MSAA-Based Coarse Shading for Power-Efficient Rendering on High Pixel-Density Displays
|Title||MSAA-Based Coarse Shading for Power-Efficient Rendering on High Pixel-Density Displays|
|Publication Type||Conference Paper|
|Year of Publication||2015|
|Authors||Mavridis, P, Papaioannou, G|
|Conference Name||High Performance Graphics (poster and quick talk)|
Maintaining real-time frame rates at the native resolution of high pixel-density displays is very challenging, especially on power-constrained mobile devices. Decoupled sampling approaches offer a better solution to this problem, compared to rendering at a lower resolution and up-scaling, by sampling the visibility at a higher rate than shading, thus preserving the clarity of geometric edges, while reducing the cost of shading. However, this ability is rather limited in current graphics architectures, where the widely-used MSAA algorithm shades each covered primitive at least once per pixel, without directly providing the ability to compute pixel shading at a more coarse rate. While various extensions of the graphics pipeline for coarse shading have been proposed, in this work we focus on a software implementation for existing GPUs. To this end, we render an intermediate render buffer at a lower pixel count, but at the same time we compensate the loss in resolution by adding the appropriate amount of MSAA sub-pixel samples, in order to guarantee at least one visibility sample per display pixel. Subsequently, a custom resolve shader is used to perform the mapping of sub-pixel MSAA samples to pixels. This simple technique effectively shades more coarsely pixel blocks, where there are no geometric edges.
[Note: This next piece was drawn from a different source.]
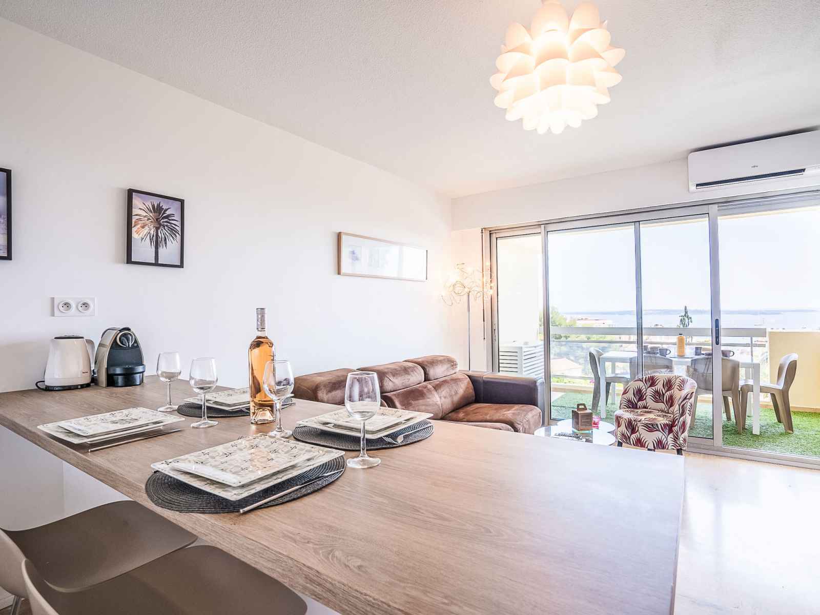Apt 3 pièces 55 m2 au 3ème étage. aménagement confortable et agréable: séjour/salle à manger avec tv (écran plat), air-conditionné. sortie sur la terrasse. 1 chambre avec 1 grand-lit (160 cm, longueur 200 cm). 1 petite chambre avec 1 lit gigogne (2 pers. 2 x 70 cm, longueur 180 cm). cuisine ouverte (four, lave-vaisselle, 2 plaques
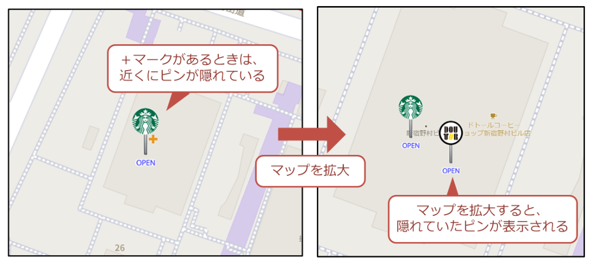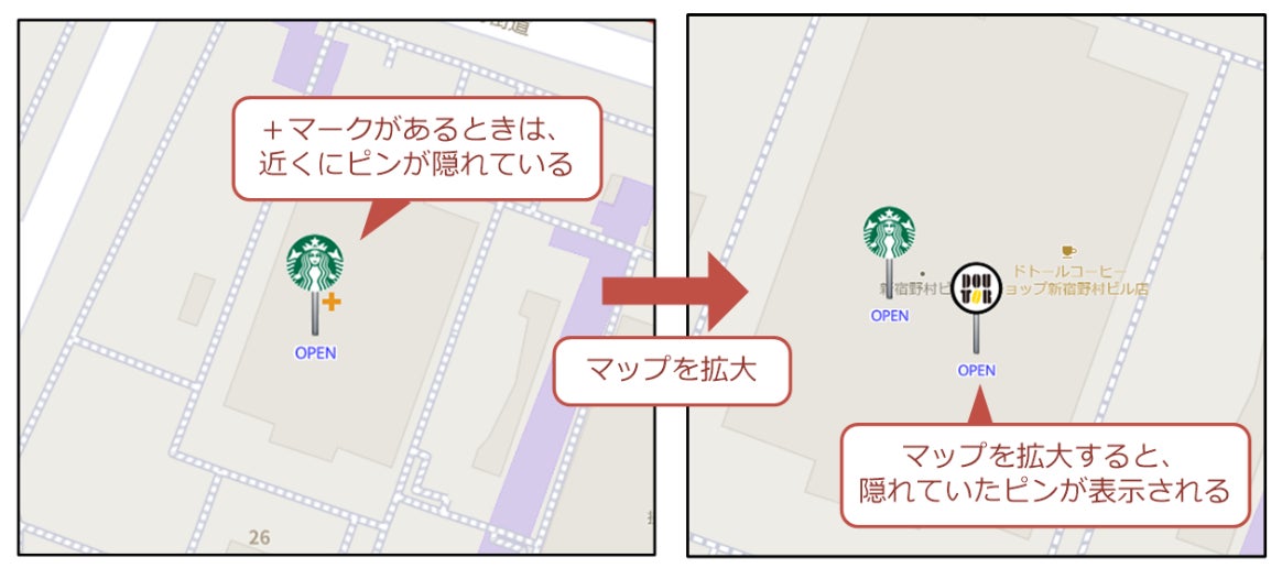 従来のロケスマでは、表示すべき店舗ピンが多すぎる場合、一部のピンを間引いて非表示にすることで、表示速度と背景のマップの見やすさを両立していました。しかしこの方法では、間引かれた店舗が本当に存在しないのか、ロケスマの表示の都合で非表示なのか分からない場合がありました。ロケスマWEB Ver.2.0では、間引かれて非表示になったピンが存在する場合は、近くで表示されているピンの右下に小さく「+」マークを表示します。「+」マークが表示されている場合は、近くに非表示になっているピンがあるという意味ですので、「+」マーク表示が消えるまでマップを拡大するなどすれば、すべての店舗ピンを表示できます。

While variations of this idea have been previously used on game consoles, a proper evaluation of the effectiveness of this method at decreasing shader invocations and energy consumption is missing from the bibliography and is our main contribution. We demonstrate our method on several test scenes with varying degrees of geometric and shading complexity and our measurements indicate an up to 45% reduction in energy consumption.